Joel Reymont wrote:
Meaning that if a keyword Output is followed by ":" and an identifier and then "(NumericSimple)" then add identifier to the symbol table as a Number and box it in a constructor.
Then in my lexer I do a lookup to check if I have seen this identifier and if I have seen one of type TypeNumOut I return the token NUM instead of ID. This ensures that I can have rules with the token NUM as opposed to ID everywhere.
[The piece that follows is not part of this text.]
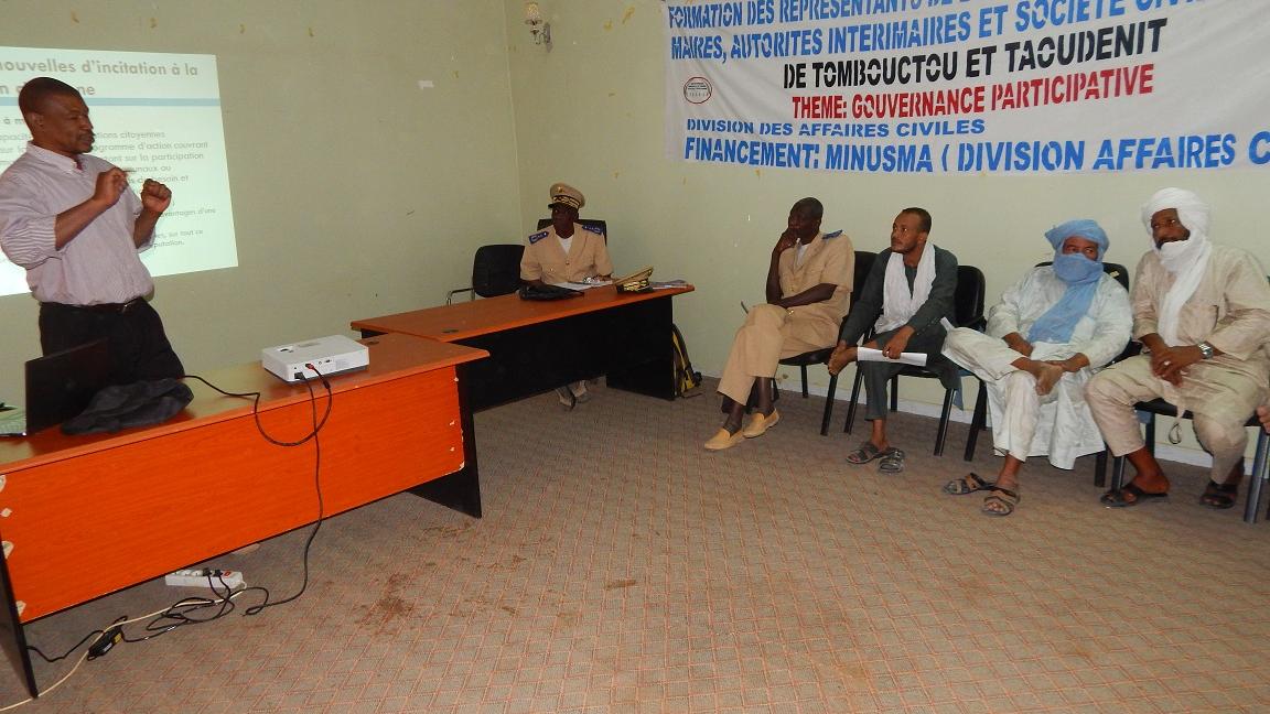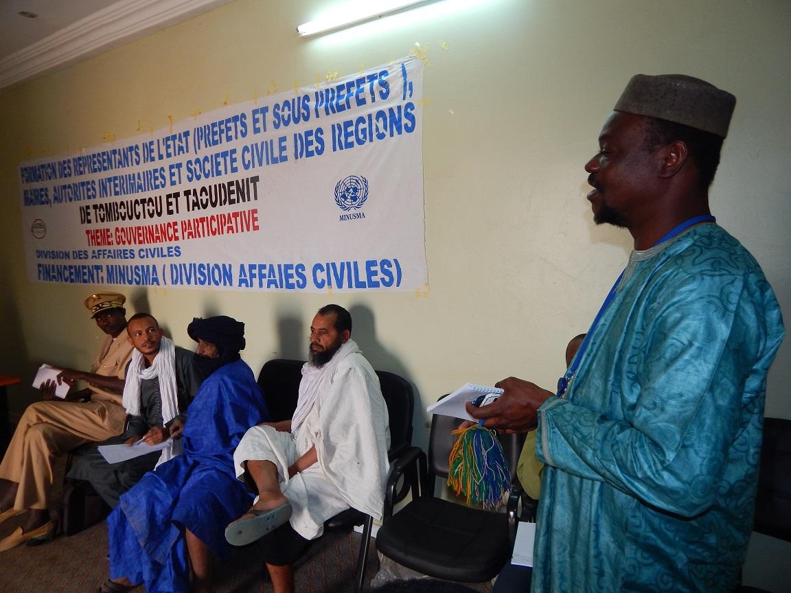 Le Bureau régional de la MINUSMA à Tombouctou, à travers sa Division des Affaires civiles, a organisé les 19 et 20 mars derniers, un atelier sur la gouvernance locale, au profit des acteurs de la région de Taoudéni.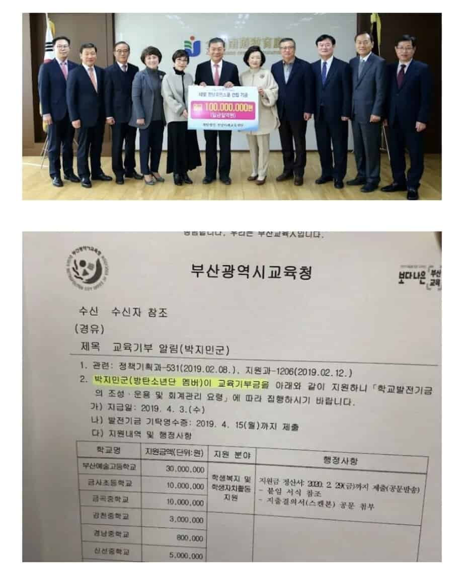 Geçmişte Jimin, eğitim giderlerinin desteklenmesine büyük ilgi gösterdi. 2018 yılında mezun olduğu Busan Hodong İlköğretim Okulu‘ndaki öğrencilerinin üniforma masraflarını karşıladı. Ertesi yıl, düşük gelirli ailelerden gelen öğrencileri destekleyerek Busan Metropolitan Şehri Eğitim Ofisi’ne 100 Milyon WON katkıda bulundu. Ek olarak, Jeonnam Gelecek Eğitim Vakfı‘na ve Gangwon İl Eğitim Ofisi‘ne 100’er Milyon WON bağışlayarak yerel topluluklara olan bağlılığını gösterdi.

I use a set of strings for the symbol table (I don't record the types of the identifiers, but you can add it back). I don't allow for whitespace, but you can add it back. The parser returns a string rather than a constructor with a string, but you can add it back. It is necessary to fuse the lexer and the parser together, so that they share state; but we can fuse them in a way that still leaves recognizable boundary, e.g., in the below, string "blah", ident, num, name, and numeric_simple are lexers (thus when you add back whitespace you know who are the suspects), and p0 is a parser that calls the lexers and do extra. The name lexer returns a sum type, so you can use its two cases to signify whether a name is in the table or not; then ident and num can fail on the wrong cases. (Alternatively, you can eliminate the sum type by copying the name code into the ident code and the num code.) import Text.ParserCombinators.Parsec import Monad(mzero) import Data.Set as Set main = do { input <- getLine ; print (runParser p0 Set.empty "stdin" input) } p0 = do { string "Output" ; string ":" ; i <- ident ; string "(" ; numeric_simple ; string ")" ; updateState (Set.insert i) ; return i } numeric_simple = many digit ident = do { n <- name ; case n of { ID i -> return i ; _ -> mzero } } name = do { c0 <- letter ; cs <- many alphaNum ; let n = c0 : cs ; table <- getState ; return (if n `Set.member` table then NUM n else ID n) } data Name = NUM String | ID String num = do { n <- name ; case n of { NUM i -> return i ; _ -> mzero } }